→ Brief: Produce an exact transcription of the data, with the images left out.

[Stored dataset items]
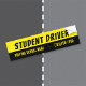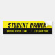 Una calcomanía negra y amarilla para advertir a otros vehículos . "Conductor Estudiante" está escrito en letras negritas . Agregue el nombre y número de teléfono de su escuela de conducir en la segunda línea .
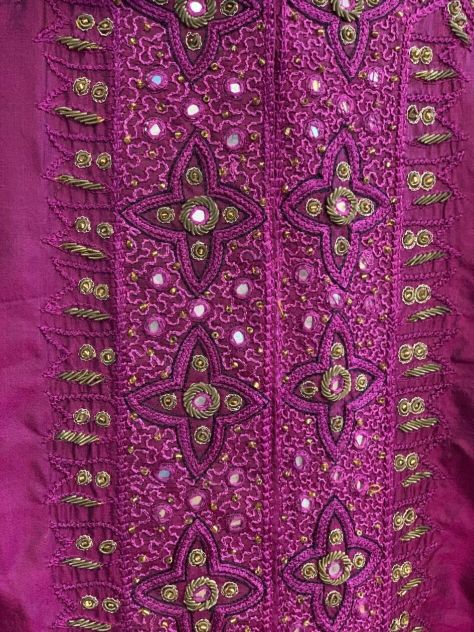 Motifs: Nature is a common theme in Zardozi embroidery, with flowers, leaves, vines, animals, fruits, and birds featured throughout. Paisleys are also popular—a nod to Zardozi’s Persian roots—as well as geometric patterns.
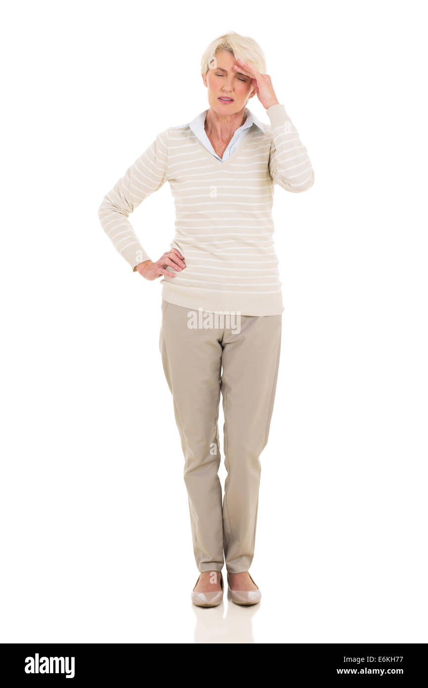 Mature Woman Having Headache Standing Isolated On White Background Stock Photo Alamy
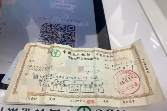 近日,該行一開(kāi)門(mén)就迎來(lái)一位戴著草帽的老先生,網(wǎng)點(diǎn)大堂客服經(jīng)理馬欣熱情地接待了他,詢(xún)問(wèn)老先生辦理什么業(yè)務(wù),老先生顫顫巍巍的從布袋里掏出一張陳舊微黃的紙張,接過(guò)來(lái)一看,是一張2001年手寫(xiě)的定期儲(chǔ)蓄存單(正常支取需查閱歷史檔案資料,且身份證信息保持一致),于是趕緊把內(nèi)勤行長(zhǎng)祁苗苗喊出來(lái)詢(xún)問(wèn)怎么辦理。
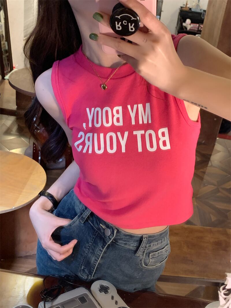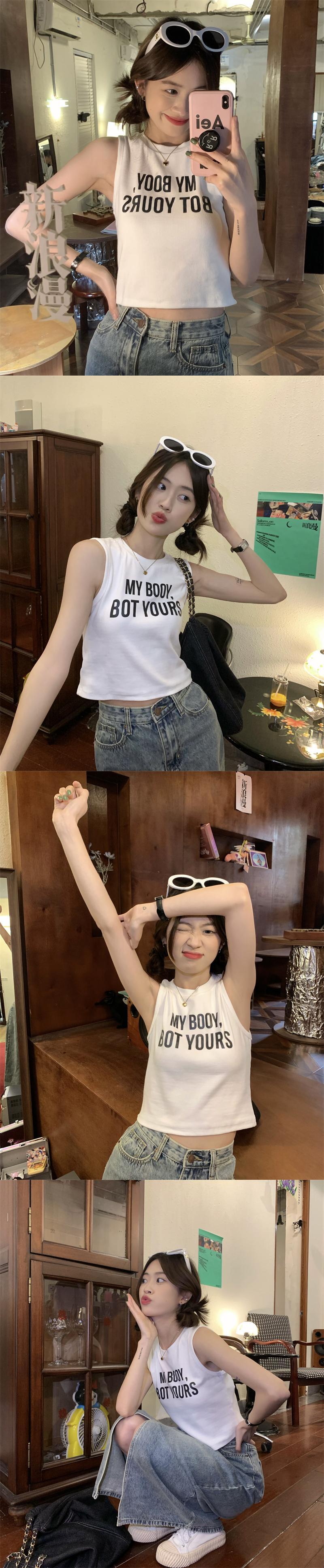 Pure Desire Alphabet Print Sleeveless Vest Women's Outer Wear Summer 2022 Hot Girl Temperament Slim Short Top ショート サマー 夏物 ノースリーブ スリム 0921952581335183

→ Solution to this problem:
 Una calcomanía negra y amarilla para advertir a otros vehículos . "Conductor Estudiante" está escrito en letras negritas . Agregue el nombre y número de teléfono de su escuela de conducir en la segunda línea .
 Motifs: Nature is a common theme in Zardozi embroidery, with flowers, leaves, vines, animals, fruits, and birds featured throughout. Paisleys are also popular—a nod to Zardozi’s Persian roots—as well as geometric patterns.
 Mature Woman Having Headache Standing Isolated On White Background Stock Photo Alamy
 近日,該行一開(kāi)門(mén)就迎來(lái)一位戴著草帽的老先生,網(wǎng)點(diǎn)大堂客服經(jīng)理馬欣熱情地接待了他,詢(xún)問(wèn)老先生辦理什么業(yè)務(wù),老先生顫顫巍巍的從布袋里掏出一張陳舊微黃的紙張,接過(guò)來(lái)一看,是一張2001年手寫(xiě)的定期儲(chǔ)蓄存單(正常支取需查閱歷史檔案資料,且身份證信息保持一致),于是趕緊把內(nèi)勤行長(zhǎng)祁苗苗喊出來(lái)詢(xún)問(wèn)怎么辦理。
 Pure Desire Alphabet Print Sleeveless Vest Women's Outer Wear Summer 2022 Hot Girl Temperament Slim Short Top ショート サマー 夏物 ノースリーブ スリム 0921952581335183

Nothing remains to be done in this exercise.